Safe Again

Safe Again 2015-04-24T13:00:32-04:00

by Bethany Weaver

She was young, probably five years of age, with long, dark brown hair. She sat on the ground with her knees hugged tightly to her chest. And though she swiped at her face repeatedly with the back of her hands, her dark eyes remained overflowing with tears.

That’s where the father found his slight, gangly child. She heard him approach but didn’t look up. When he sat down quietly next to her, the girl’s small body quivered with barely-contained sobs, though she quickly turned her face away.

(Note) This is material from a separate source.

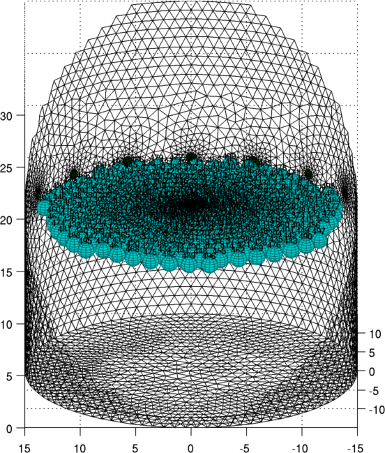 GREIT evaluation: Make simulation data (3D)In order to test the performance of GREIT, we create a set of simulation data. Here we look at the performance for an object moving radially toward the side from the centre of the medium.Prepare simulation data: phantom dataCreate a simulation netgen model here:

He sat with her for what seemed a moment and, at the same time, forever. Then he leaned in and whispered four words that dissolved her.

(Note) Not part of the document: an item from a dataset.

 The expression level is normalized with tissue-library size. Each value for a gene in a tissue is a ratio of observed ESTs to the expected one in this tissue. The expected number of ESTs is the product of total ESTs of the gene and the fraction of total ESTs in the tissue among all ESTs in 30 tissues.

Sobs burst out of her throat. But instead of leaning into him, she buried her face even deeper in her knees, trying unsuccessfully to muffle the tears.

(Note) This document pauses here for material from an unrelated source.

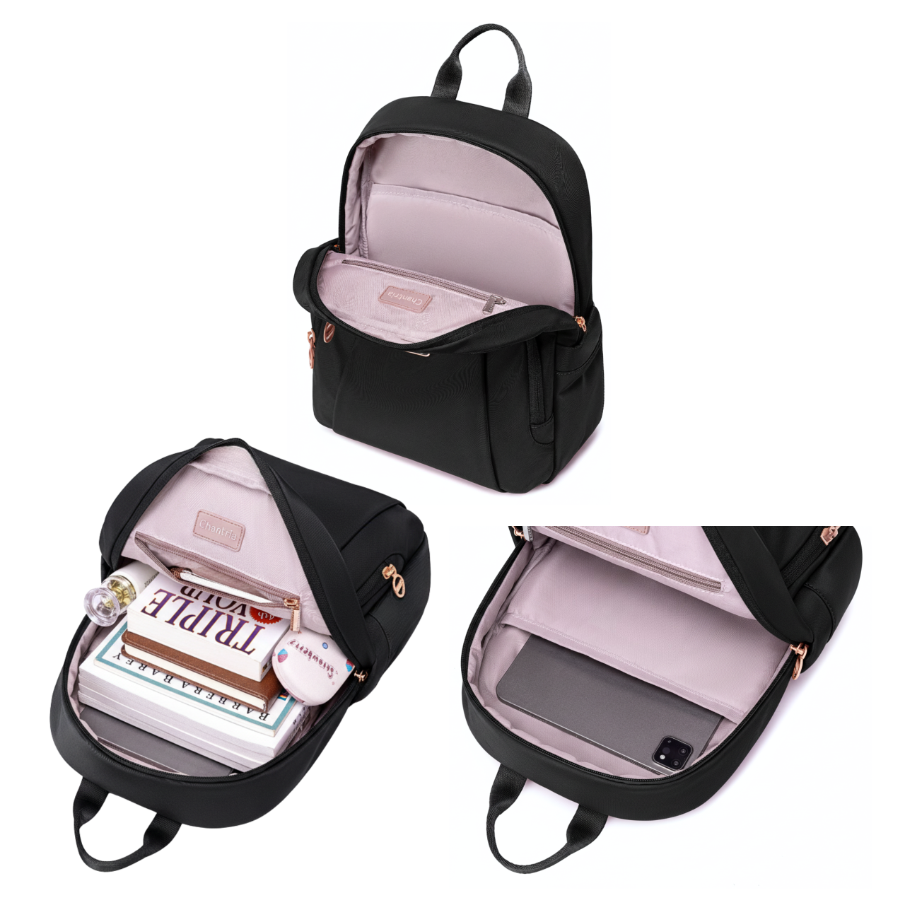 Plecak damski czarny elegancki z nylony wodoodpornego z miejscem na tablet

Her father moved closer and pulled her into his arms. And finally, after slight resistance, she leaned into his strong arms and wept unabashedly. For hours, it seemed, there were no words—just the crescendo and ebbing of tears as they took their toll on the small form.

At last, the weeping turned to hiccups, and her father dried her tears. The girl remained quietly ensconced in his arms. Nothing had changed, and yet everything had changed.

The ache hadn’t vanished. The sobs would not stay dry forever. But her father’s words, echoing through her heart, had calmed—at least for the moment—the storm raging within the young soul. Deep within, the girl knew no matter how often the storms ravaged her heart, her father would be there to still her with his words, his presence. And so she sat in placid exhaustion within his embrace.

Finally, as the purple dusk began to turn into a starry night, her father stood, brushed himself off and leaned down to pick up his daughter.

Her arms laced tightly around his neck as her cheek came to rest on his broad shoulder. Turning toward home, the father kissed his daughter’s forehead and one more time whispered those four words: “You’re safe with me.”

 

Safety. Even as an adult, I crave the safety of being cradled in my father’s arms. Such moments of pure security were all-too-easily-forgotten and misplaced as I grew up.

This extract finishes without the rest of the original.